Dataset records:
[Start of section]
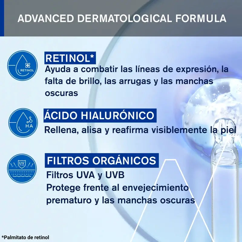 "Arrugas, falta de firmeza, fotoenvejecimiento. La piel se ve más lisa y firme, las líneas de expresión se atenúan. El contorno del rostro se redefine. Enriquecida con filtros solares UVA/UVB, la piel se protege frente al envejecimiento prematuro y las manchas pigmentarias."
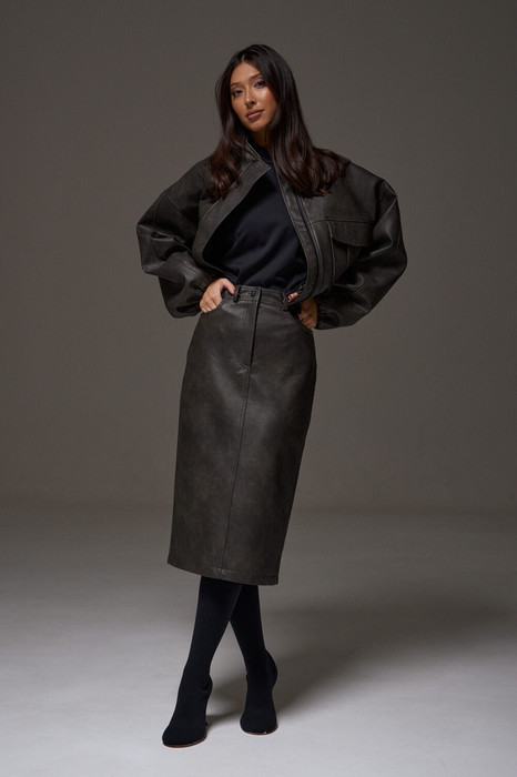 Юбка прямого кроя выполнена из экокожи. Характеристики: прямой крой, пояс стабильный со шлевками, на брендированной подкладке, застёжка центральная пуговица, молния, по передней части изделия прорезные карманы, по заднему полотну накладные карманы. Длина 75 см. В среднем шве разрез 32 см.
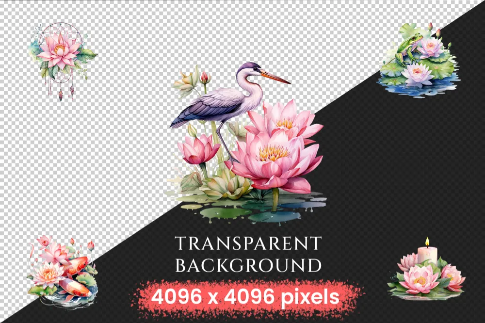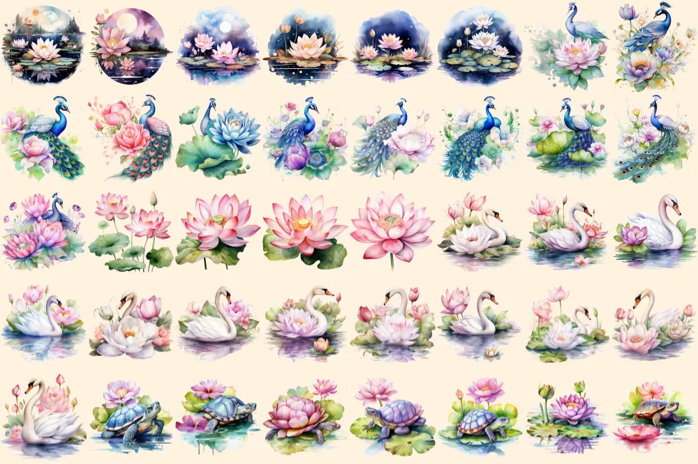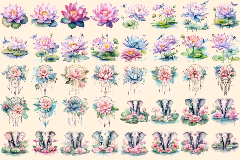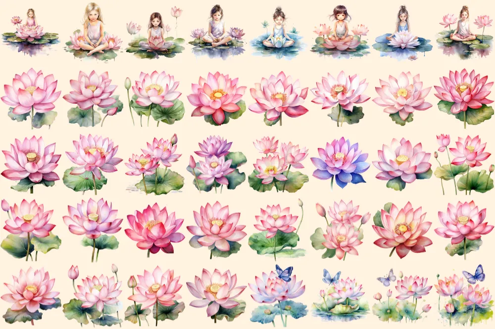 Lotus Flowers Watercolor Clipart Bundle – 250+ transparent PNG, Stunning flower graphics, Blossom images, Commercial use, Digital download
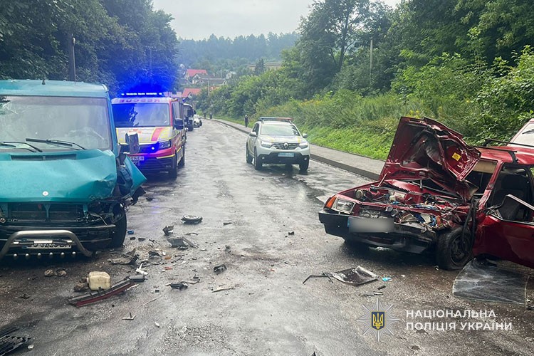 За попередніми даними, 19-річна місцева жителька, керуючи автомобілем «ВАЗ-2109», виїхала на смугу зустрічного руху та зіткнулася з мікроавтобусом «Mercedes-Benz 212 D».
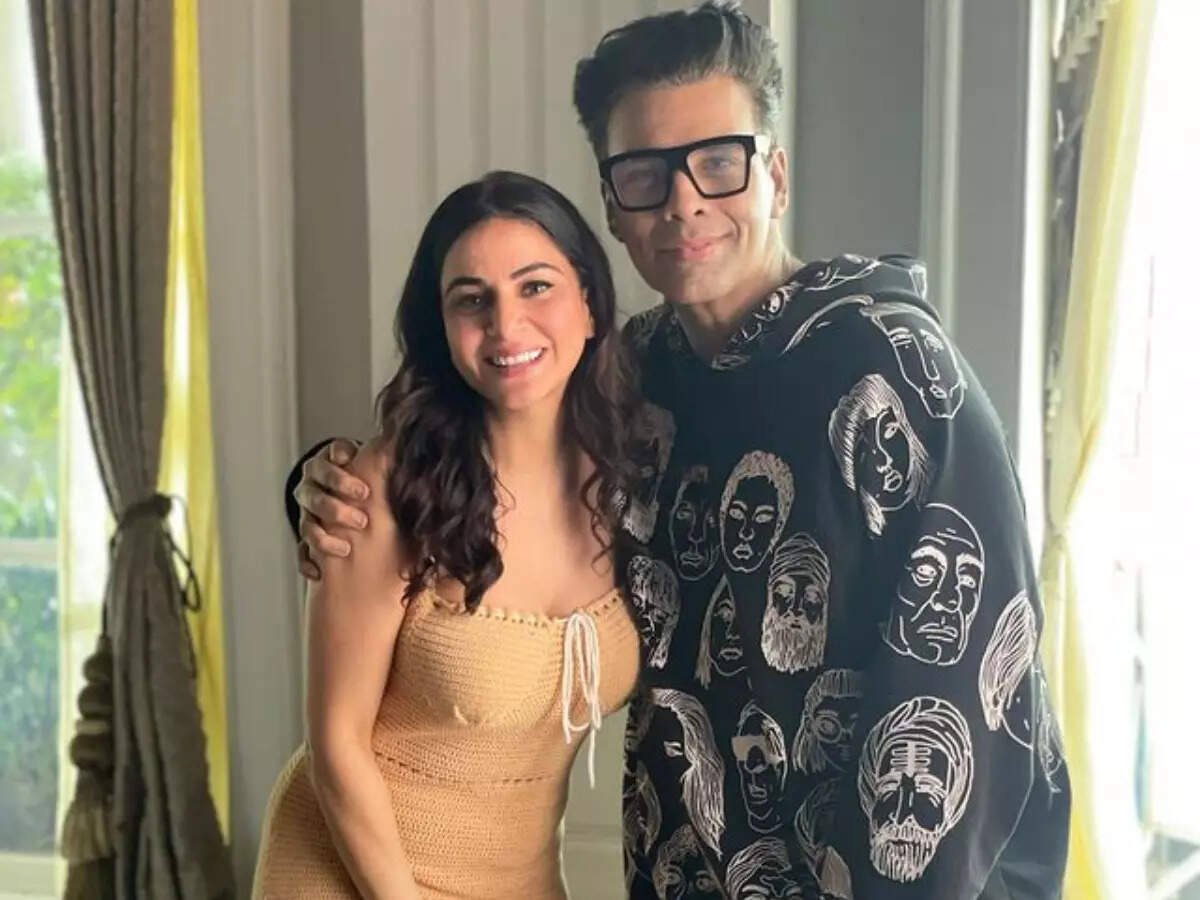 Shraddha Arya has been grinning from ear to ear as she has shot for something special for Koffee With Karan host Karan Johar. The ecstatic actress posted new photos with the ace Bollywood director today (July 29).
[End of section]
Aim of the exercise:
Transcribe, please, the lines from the one holding "Lotus Flowers Watercolor" to the final line of the material, both included, exactly and with no extra lines, and skip the pictures.

Response to this exercise:
 Lotus Flowers Watercolor Clipart Bundle – 250+ transparent PNG, Stunning flower graphics, Blossom images, Commercial use, Digital download
 За попередніми даними, 19-річна місцева жителька, керуючи автомобілем «ВАЗ-2109», виїхала на смугу зустрічного руху та зіткнулася з мікроавтобусом «Mercedes-Benz 212 D».
 Shraddha Arya has been grinning from ear to ear as she has shot for something special for Koffee With Karan host Karan Johar. The ecstatic actress posted new photos with the ace Bollywood director today (July 29).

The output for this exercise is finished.